Willie is indecisive and self-aware to the extent that he recognises his inadequacies in every aspect of human endeavour. A person of such a negative disposition might be accounted a bore, and Willie is. VS Naipaul invests him with very few likeable, or interesting, features. He seems set up to be put through nihilistic hoops. He has no freedom from his creator, no life of his own. He is Naipaul's prisoner.

Magic Seeds opens in West Berlin, before the Wall was razed. Willie is staying with his sister Sarojini, whose German lover Wolf is a photographer. Sarojini is a left-wing revolutionary and chides her brother for his lack of commitment. Ever the masochist, Willie listens as she pontificates. She speaks in editorials, and at her most hectoring sounds like John Pilger in drag. Sarojini tells Willie about Kandapalli, the inspiring force behind a revolution in an unnamed region of India.
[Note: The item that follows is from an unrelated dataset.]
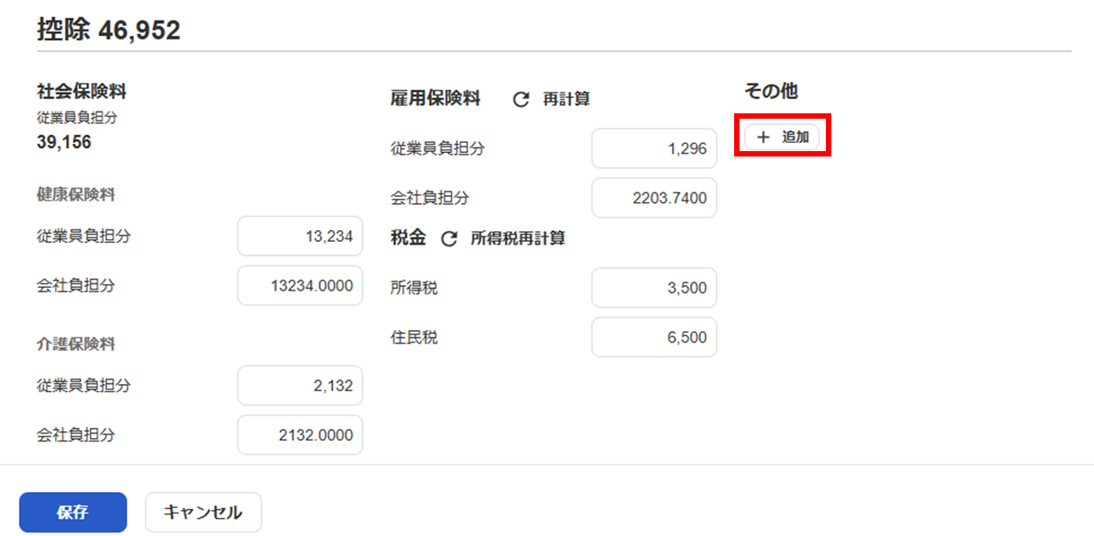 4,還付ですが、支給ではなく控除のセクションにスクリールし「その他」の+追加をクリックします。

Sarojini and Wolf arrange for Willie to become a guerrilla, and the major part of the story is concerned with Willie's lacklustre career in the revolutionary movement. One grisly year follows another: he is forced to kill a man, is privy to the murder of three policemen, and is duly sent to jail. He is released by a contrivance that would invite ridicule if perpetrated by a lesser talent than Naipaul. At this point, the reader is informed that the volume of stories Willie published in London has been hailed as a landmark of post-colonial literature. This comes as a surprise, given his lack of curiosity. It's thanks to his fame as a writer that he is allowed to leave India, the case against him brushed aside.
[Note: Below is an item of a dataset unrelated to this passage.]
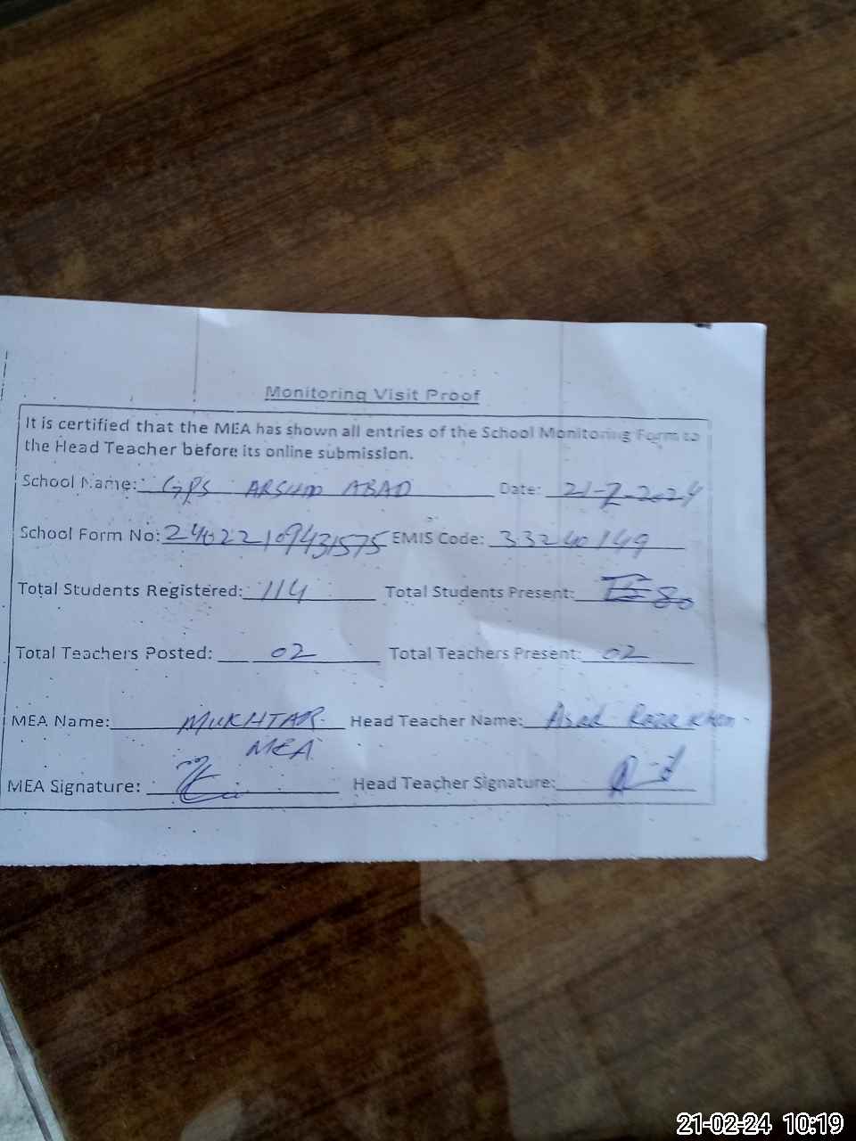 | Attendance Register | Head Teacher | MEA with School | Visit Proof |

The final chapters have Willie living in a house in St John's Wood owned by Roger, a seedy lawyer of exceptional repulsiveness. His overweight wife Perdita satisfies Willie's rekindled sexual desires. Willie impresses a wealthy banker, Peter, to whom Roger is in thrall, and is given a job on an architectural magazine.

Roger indulges in several details too many about his relationship with Marian, who lives on a council estate. The term "council estate woman" is new to me, and I commend it to Michael Collins, author of The Likes of Us, a biography of the white working class. Roger's snobbishness and misogyny may be his own, but they seem perilously close to views expressed by Naipaul.

I wish I could record that Magic Seeds is written with Naipaul's customary elegance, but I can't, because it isn't. The prose is repetitive, set down in a faux-naïf manner that soon irritates. If Willie is the principal character in a third novel, I shall not be following his further progress. Enough is truly enough.